Когда я оказалась в лаборатории одна, без учителей, то сначала переживала. Но ведь этим делу не поможешь. Подумала, походила по кабинету, а потом села и стала работать.
– А рискованность за пределами клиники проявляется?
– Наверно да. Я очень шустро вожу машину. Это заметили все, и мне стали говорить. За рулем я уже одиннадцать лет, и всегда считала, что быстрая езда – это норма.
– Через пять лет работы операционной сестрой я стала задумываться о смене профессии. Это нелегкий труд. Я сильно уставала, особенно после ночных смен, когда можно от операционного стола всю ночь не отходить. И в 30 лет поступила в университет. Было не просто… Значительный перерыв в учебе дал о себе знать. Плакала. Я вдруг поняла, что учиться-то мне совсем не хотелось. Были даже мысли затею с высшим образованием оставить. В итоге попала на кафедру цитологии, и загорелась идеей быть генетиком. Меня это все так привлекало. Было даже желание уехать в Томск, но в Кемерове многое держало и связывало.
– Вы наверняка сейчас не жалеете, что не стали тогда генетиком?
– Нет, не жалею. Считаю, что мне очень повезло – с преподавателями, с коллективом, с местом работы.

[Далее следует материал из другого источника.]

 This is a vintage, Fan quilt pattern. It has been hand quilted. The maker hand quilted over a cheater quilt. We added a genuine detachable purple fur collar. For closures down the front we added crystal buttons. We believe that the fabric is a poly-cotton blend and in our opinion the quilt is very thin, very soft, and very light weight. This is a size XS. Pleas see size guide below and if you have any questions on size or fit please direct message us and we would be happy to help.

Специалисты, которые преподавали на кафедре эмбриологии, одновременно являются сотрудниками московских клиник, которые, можно сказать, стояли у истоков ЭКО. Роман Ахмедович Шафеи и Сергей Александрович Сергеев – это специалисты высокого уровня. Мы с ними очень тесно в работу влились. Они специально приезжали к нам из Москвы, чтобы поделиться своим опытом. Эти люди для меня очень дороги, у них всегда я могу спросить совета, узнать ответ на любой вопрос. Мы переписываемся постоянно. Сегодня проверяла почту, а Сергей мне уже ответил на все вопросы, которые я ему вчера задала. Медицина – это такая наука, когда можно и нужно каждый день учиться, узнавать что-то новое.

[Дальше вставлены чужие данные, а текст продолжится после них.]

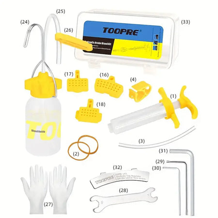 Poznaj zestaw do odpowietrzania hamulców rowerowych TOOPRE, niezawodne narzędzie do odpowietrzania oleju stworzone, by uprościć konserwację hydraulicznych hamulców w nowoczesnych rowerach. Zaprojektowany do współpracy z popularnymi systemami Shimano, Magura, Tektro i SRAM, ten zestaw pomaga wypłukać stary płyn, usunąć pęcherzyki powietrza i przywrócić pewne, skuteczne hamowanie. Lekki i kompaktowy, idealny zarówno do szybkich napraw na trasie, jak i rutynowej obsługi w domu. Dzięki praktycznemu designowi TOOPRE możesz utrzymać stałą skuteczność hamowania, zmniejszyć miękkość hamulców i wydłużyć żywotność ich komponentów, zapewniając czysty, świeży przepływ płynu za każdym razem, gdy jeździsz.
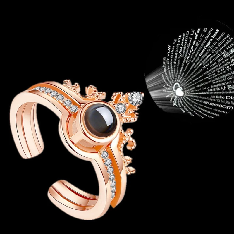 Роскошное женское свадебное кольцо в комплекте, модное кольцо с проекцией на 100 языках Я тебя люблю, романтическое кольцо с памятью для влюбленных, ювелирное изделие
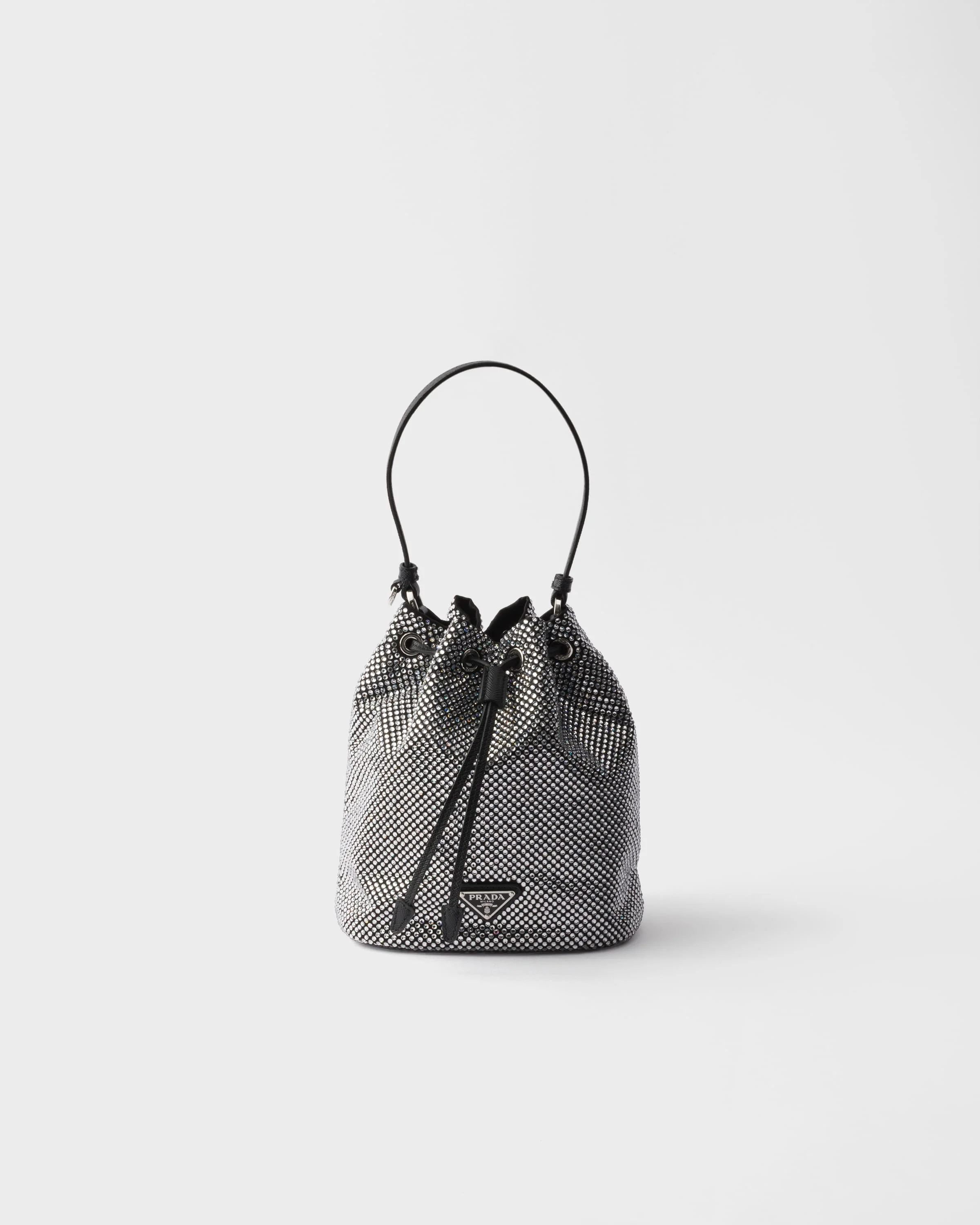 The iconic bucket bag is reinterpreted with a luxurious design in satin covered in crystals applied by hand. Refined details in Saffiano leather, Prada's emblematic material, complete the elegant and versatile accessory. - Product code: 1BE067_2HNJ_F0T7O_V_OOD - Synthetic crystals - Leather handle - Detachable, adjustable leather shoulder strap. Maximum length 105 cm - Minimum length 97 cm - Maximum drop 54 cm - Minimum drop 50 cm - Metal hardware - Enameled metal triangle logo on front - Drawstring closure - Logo-print nylon lining - Imported Height: 19.5cm Width: 15.5cm Length: 10cm MATERIALS Main material: Silk viscose

– Я слышала, что они у вас даже какую-то из методик позаимствовали.
Нет (улыбается). Роману Ахмедовичу просто очень понравилось, как мы используем методику фрагментации ДНК сперматозоидов с расширенным исследованием спермограммы. Его удивили некоторые наши наблюдения, которые мы взяли, можно сказать, на вооружение. Сильно вдаваться в подробности я не буду – эта информация сугубо профессиональная.
– А что дает такое исследование пациенту?

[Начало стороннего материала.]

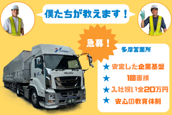 職種/仕事内容 | 仕事内容 =============== 高収入!毎日日帰りOK!! ■入社祝い金20万円支給! ■資材の固定ルート配送! ■手積み・手降ろし無し! =============== ①25tトレーラードライバー(ウイング) 月給40万円~ ②15tトラックドライバー(ウィング) 月給37万円~ トラックは、全車デジタコ・ドライブレコーダー搭載車、バックアイモニター付き。 4:00~16:00の内で実働8時間シフト制 要:大型自動車免許・牽引免許 ◆借り上げ社宅制度など待遇充実! ※詳細は下記ご覧ください! 【この仕事の魅力】 ◆毎日日帰りできる! 長距離運転することがないから、毎日日帰り。 長時間の勤務で集中力が切れて事故に・・・ なんて危険な働き方は絶対ありません! お昼ご飯を食べられる余裕もしっかりあります。 15時上がりの時もありますよ! ◆トラックは一人一車制! 全車デジタコ・ドライブレコーダー搭載車、 バックアイモニター付きなので安心! やっぱり自分専用のトラックがあるのは嬉しいですよね! 【仕事内容】 石こうボードという建築用資材を、 荷主様の工場から、自社倉庫へ定期便輸送を行っていただきます。 基本は1日あたり、1~2便の運行となります。 運行回数を増やすことで、更なる収入アップも見込めます! ◆積み込み・積み下ろしは作業はフォークリフトを用いて行います。 (フォークリフトの免許取得支援制度あり) ◆「もっと稼ぎたいから多めに」といった要望もOKです! 2024年問題で収入が減少してしまった現役ドライバーさんも大歓迎です! ━━━━━━━━━━━━━━━━━━━ 【働きやすくしっかり稼げる職場】 先輩ドライバーの方はみんな優しく教え好き(笑) 経験の少ない方も丁寧な指導で、一人前のプロドライバーになれます! 経験者優遇&未経験者歓迎!免許取得支援制度もあるので、資格がない方でも安心して始められます。有給休暇も取りやすく、家族との時間や旅行などプライベートも充実可能です。 「もっと稼ぎたい」「初心者だから少なく」など、配送件数の相談もOKです! ==================== 【創業60年のトーショーグループに関して】 1964年の創業から60年と長く安定している業界有数の運送会社です。 全国各地で事業を展開。 現時点でグループ全体で34拠点を有し、社員数は800名以上。 大手荷主とお取引が多く、取り扱う商材等の関係から仕事量が安定しています。 また物流だけでなく、旅客や引っ越し、 保険・物販といった多種多様な事業も展開しております。 【株式会社トーショーに関して】 そんな数多くの事業を手掛けるトーショーホールディングスにおいて、 当社は大手建材メーカーの建築資材の配送・倉庫管理を担っております。 日夜変化を遂げる物流業界に対応するため、 環境問題、安全への取り組みはもちろんのこと、 最新の情報システムによる効率化など、 お取引いただくお客様だけでなく 従業員も安心して勤務できる環境を実現しております。 当社ホームページ: https://www.tohsho-gr.co.jp/company/tohsho/ 採用ホームページ: https://www.tohsho-gr.co.jp/recruit/ ≪転職を迷っている方も気軽にご相談ください!≫ ■株式会社トーショー 多摩営業所 勤務地:東京都西多摩郡瑞穂町殿ケ谷722−2 お車での来社もOKです。 お電話での応募もお待ちしております。 【TEL:042-476-3300】 |

– Методика позволяет выяснить наличие или отсутствие повреждений генетического материала (ДНК сперматозоидов), то есть позволяет выяснить причину бесплодия, объяснить неудачную попытку ЭКО, определиться с перспективой. Мы первые и единственные в Кемерове выполняем такое исследование: определение степени фрагментации ДНК сперматозоидов. Такое, кстати, не в каждой клинике ЭКО делают.
– В чем все-таки главная особенность работы эмбриолога?
– Оценить качество полученного материала, выбрать самые лучшие яйцеклетки и сперматозоиды, соединить их. А для того, чтобы выбрать, нужно изрядно потрудиться. Там уже целый спектр особенностей.Например, спермограммы во многих лабораториях делаются на спермоанализаторе. Это оборудование считает автоматически, поэтому есть высокий процент погрешности. Когда это делается вручную, начинается творческая работа. При выполнении спермограммы мы уделяем особое внимание той категории пациентов, которые планируются в программу вспомогательных репродуктивных технологий. Мне необходимо «поработать» с этим материалом, оценить его возможности для использования в ЭКО, ИКСИ, искусственной инсеминации. Поэтому пациентов мы просим сдавать спермограмму в нашем медицинском центре. Материал, с которым я буду в последующем работать в рамках ЭКО, должен быть мне знаком.
– Итак, сперматозоид надо еще поймать, обездвижить. Понятно, что все это не просто... Интересует другое – их количество. Как из миллиона выбрать подходящих "парней"?
– Их выделяют, потом среду наслаивают, и самые хорошие всплывают. Вот их и берем: "Ты и ты, пойдем со мной!" (смеется). То есть я с ними еще и разговариваю как с людьми! Это же живой материал. Когда ты вкладываешь в свою работу душу, душа и появляется.
– А с яйцеклетками у вас тоже работы много?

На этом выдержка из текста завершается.